President Getúlio Vargas, who brought us the CLT (Consolidation of Labor Laws) and the defense of our national patrimony, suffered a merciless persecution; a hideous orchestrated plot by the so called “Galeão’s Republic” that led him to suicide.

President Juscelino Kubitscheck, who built this city, was victim of the constant and weak attempts of a coup like what happened in the Aragarças episode.

President João Goulart, defender of democracy, of workers rights and of basic reforms, overcame a parliamentary coup, but was deposed, and the military dictatorship took over, in 1964. For over 20 years, we lived in the silence imposed by arbitrariness and democracy was swept away from our country. Millions of Brazilians fought and reclaimed the right to direct elections.
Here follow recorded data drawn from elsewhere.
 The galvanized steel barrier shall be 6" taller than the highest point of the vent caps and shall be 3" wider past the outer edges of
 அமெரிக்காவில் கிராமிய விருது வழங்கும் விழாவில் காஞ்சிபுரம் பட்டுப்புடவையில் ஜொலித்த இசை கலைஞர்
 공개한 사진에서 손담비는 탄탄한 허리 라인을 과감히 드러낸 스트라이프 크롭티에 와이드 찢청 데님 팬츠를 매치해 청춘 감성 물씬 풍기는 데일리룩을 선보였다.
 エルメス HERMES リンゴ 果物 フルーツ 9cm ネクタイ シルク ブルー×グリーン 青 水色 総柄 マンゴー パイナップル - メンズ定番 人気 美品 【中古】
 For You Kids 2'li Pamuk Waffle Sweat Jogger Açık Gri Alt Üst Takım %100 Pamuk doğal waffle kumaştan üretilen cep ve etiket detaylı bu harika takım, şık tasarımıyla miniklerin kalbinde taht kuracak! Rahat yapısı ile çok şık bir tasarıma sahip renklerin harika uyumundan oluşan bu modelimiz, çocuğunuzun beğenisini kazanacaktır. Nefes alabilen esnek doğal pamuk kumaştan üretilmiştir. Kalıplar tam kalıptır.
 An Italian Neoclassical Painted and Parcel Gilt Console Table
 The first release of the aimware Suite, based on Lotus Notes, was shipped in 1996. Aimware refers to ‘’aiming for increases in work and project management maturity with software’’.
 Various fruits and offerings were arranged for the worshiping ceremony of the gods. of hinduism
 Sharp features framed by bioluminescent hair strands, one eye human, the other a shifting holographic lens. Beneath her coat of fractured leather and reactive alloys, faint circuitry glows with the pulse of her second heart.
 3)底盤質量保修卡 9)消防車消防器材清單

Today, as the interests of the economic and political elite have once again been shut down at the polls, we have in front of us the risk of a democratic breaking point. Explicit violence is no longer the tool of the dominant political patterns worldwide. Now, the democratic breaking point is caused by moral violence and by constitutional pretexts to lend the appearance of legitimacy to a government who takes power without support at the polls. A violence that invokes the Constitution so that the world of appearances hypocritically conceals the world of facts.
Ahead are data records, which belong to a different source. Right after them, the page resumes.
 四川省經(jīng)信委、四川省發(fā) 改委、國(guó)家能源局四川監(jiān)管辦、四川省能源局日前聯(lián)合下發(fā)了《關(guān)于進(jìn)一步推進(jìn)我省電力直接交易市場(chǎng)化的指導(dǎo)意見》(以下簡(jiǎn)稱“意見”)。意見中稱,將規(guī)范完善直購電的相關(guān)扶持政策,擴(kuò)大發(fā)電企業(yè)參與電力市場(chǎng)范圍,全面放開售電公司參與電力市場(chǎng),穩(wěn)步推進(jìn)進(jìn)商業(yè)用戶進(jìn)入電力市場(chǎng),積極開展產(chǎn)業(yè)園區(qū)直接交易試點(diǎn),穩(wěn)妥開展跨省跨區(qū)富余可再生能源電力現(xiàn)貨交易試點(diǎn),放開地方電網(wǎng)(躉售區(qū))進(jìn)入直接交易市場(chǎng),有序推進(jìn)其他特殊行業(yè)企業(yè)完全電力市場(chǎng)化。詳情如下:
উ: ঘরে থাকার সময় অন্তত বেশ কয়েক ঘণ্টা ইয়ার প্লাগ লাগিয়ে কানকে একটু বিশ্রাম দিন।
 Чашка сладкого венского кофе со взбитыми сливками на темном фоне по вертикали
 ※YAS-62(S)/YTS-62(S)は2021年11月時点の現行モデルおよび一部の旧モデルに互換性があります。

The evidence produced left clearly and without contestation that the accusations against me are simply a pretext, based on a fragile legal rhetoric.

In the last few days, new facts have shown another aspect of the scheme that characterizes this impeachment process. The author of the presentation to the Federal Court of Accounts (TCU) that spurred the accusations discussed in this process was recognized as a suspect by the Federal Supreme Court.
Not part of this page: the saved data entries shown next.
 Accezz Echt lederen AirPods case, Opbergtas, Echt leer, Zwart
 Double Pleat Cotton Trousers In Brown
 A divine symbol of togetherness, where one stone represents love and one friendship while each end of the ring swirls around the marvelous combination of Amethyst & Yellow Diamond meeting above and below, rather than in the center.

It’s also known, from the deposition by the auditor responsible for the technical opinion, that he had helped to write the very presentation that he edited.

In the thesis developed by my opponents, the vice of partiality, the scheme, shows itself clearly.

They are pretexts, simply pretexts, to tear down, through an impeachment process without a crime against the state, a legitimate government, chosen in a direct election that 110 million Brazilians participated in. The government of a women who dared to win two consecutive presidential elections.

These are pretexts to make viable a coup against the Constitution. A coup that, if accomplished, will result in the indirect election of a usurper government.

An indirect election that, already in its interim state, doesn’t have any women at the helm of its ministries, when the Brazilian people, at the polls, chose a women to lead the country. A government that could care less about the representation of black people in its ministry and already revealed a profound disdain for the types of program voted in by the people in 2014.

I was elected president with 54 million and a half votes to fulfill a promise summarized in the words “no right to less”.

What’s on the line in this impeachment process isn’t just my term. What’s on the line is the respect for the electoral process, for the sovereign will of the Brazilian people and for the Constitution.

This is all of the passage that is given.